All engineers with code in production have been in a situation where all the alerts are red, the activity feed is intermittently down, nobody knows what’s happening, and the service is on life support. This happened to us in October 2017, when traffic to vevo.com surged and our feed began intermittently failing at 120,000+ requests/sec due to excessive memory consumption.
Over the past 18 months, Vevo has invested heavily in monitoring and alerts, which paid off during this outage. Our ops team was quickly alerted, and in coordination with our on-call engineer, we began our pre-established incident management process.

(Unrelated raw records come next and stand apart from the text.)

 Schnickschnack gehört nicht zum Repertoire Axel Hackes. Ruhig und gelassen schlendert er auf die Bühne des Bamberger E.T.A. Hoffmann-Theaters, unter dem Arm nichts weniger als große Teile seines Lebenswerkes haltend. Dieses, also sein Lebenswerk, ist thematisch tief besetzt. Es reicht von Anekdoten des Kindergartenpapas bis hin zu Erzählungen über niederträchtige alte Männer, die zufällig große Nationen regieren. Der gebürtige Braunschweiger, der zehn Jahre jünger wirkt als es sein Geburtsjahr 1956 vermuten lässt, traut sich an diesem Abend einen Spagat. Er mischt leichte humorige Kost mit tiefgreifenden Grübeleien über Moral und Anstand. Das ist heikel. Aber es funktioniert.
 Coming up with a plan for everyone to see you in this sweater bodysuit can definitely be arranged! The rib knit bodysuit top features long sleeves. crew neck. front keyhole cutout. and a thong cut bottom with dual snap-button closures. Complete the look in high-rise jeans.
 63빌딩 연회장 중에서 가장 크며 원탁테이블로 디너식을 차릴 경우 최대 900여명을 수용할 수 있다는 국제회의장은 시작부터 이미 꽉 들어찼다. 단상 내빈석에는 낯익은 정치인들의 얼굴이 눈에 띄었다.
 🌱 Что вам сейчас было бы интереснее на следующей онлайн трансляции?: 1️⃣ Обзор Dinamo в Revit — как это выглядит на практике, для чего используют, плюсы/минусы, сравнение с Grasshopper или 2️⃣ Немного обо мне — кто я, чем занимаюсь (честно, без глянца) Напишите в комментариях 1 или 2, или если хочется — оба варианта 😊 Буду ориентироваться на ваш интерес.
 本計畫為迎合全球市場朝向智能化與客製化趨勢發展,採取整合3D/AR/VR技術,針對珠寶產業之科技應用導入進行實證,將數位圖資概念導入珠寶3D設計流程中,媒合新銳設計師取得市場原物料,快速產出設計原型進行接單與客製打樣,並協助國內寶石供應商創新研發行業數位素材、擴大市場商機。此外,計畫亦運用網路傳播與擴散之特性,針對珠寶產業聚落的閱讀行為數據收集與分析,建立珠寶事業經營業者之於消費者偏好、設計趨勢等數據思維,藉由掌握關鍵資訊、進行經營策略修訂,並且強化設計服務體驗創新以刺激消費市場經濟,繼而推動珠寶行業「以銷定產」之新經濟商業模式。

At a high level, this involves creating a Jira issue and linking it to Slack with the Slack Connector. This automatically creates a Slack channel and mirrors any updates in Slack and the issue comments. This makes reviewing timelines and coordinating action simpler during the initial investigation as well as during later impact analysis.

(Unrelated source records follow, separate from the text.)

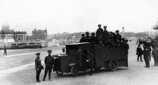 Солдаты и офицеры у броневика «Дерзкий» фирмы «Остин» 14-го автопулеметного взвода. Западный фронт, 1915 год (ЦМВС).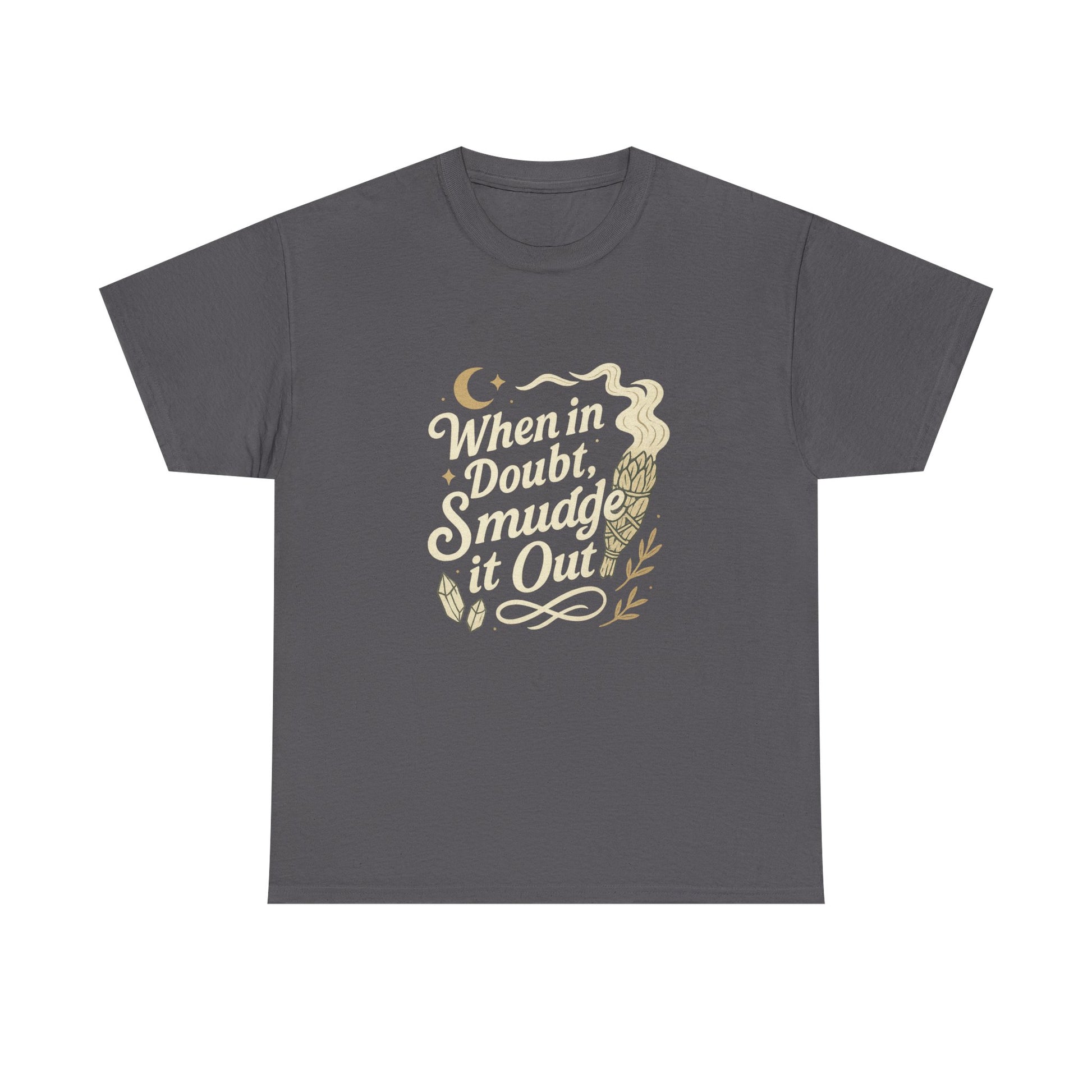 Cleanse the energy and serve a look. Our “When in Doubt, Smudge It Out” tee blends vintage hand-lettered typography with witchy iconography—crescent moon, crystals, botanicals, and a cleansing bundle—to capture that ritual-ready but coffee-shop casual vibe. Designed at Para Wear with best-selling witch / Wiccan / pagan aesthetics in mind, this graphic is balanced with bold keylines and photographs beautifully for socials.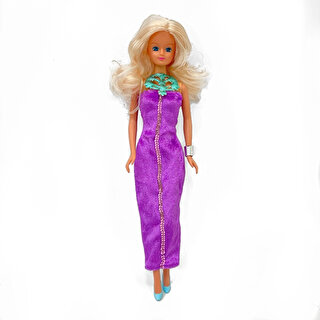 Лялька з милими рисами обличчя, у неї довге, розкішне золотисте волосся.

Afterward, our ops team took immediate action and increased both node count and memory capacity. The service stabilized, despite a steady rhythm of restarts every 5–10 minutes. Now the investigation could begin in earnest to find the root cause.
Using jstack -l 1 | grep “tid=” (lowercase L and one), it was clear that the memory leak was from too many threads. We had more than 20,000 threads all named pool-#-thread-1. In other words, something was creating hoards of single thread executors. The output looked something like this and went on for ages:
After a lot of digging, many incorrect hypotheses, and a liberal use of reflection to name thread pools that were not publicly accessible, we finally found the culprit: a third party websocket library we were using. At first glance, everything seemed fine, but every connected client was being assigned its own Executors.newSingleThreadScheduledExecutor() to handle heartbeats and other connected-client messaging. For the most part, these threads were idle: just a few heartbeats per minute and another message at disconnect.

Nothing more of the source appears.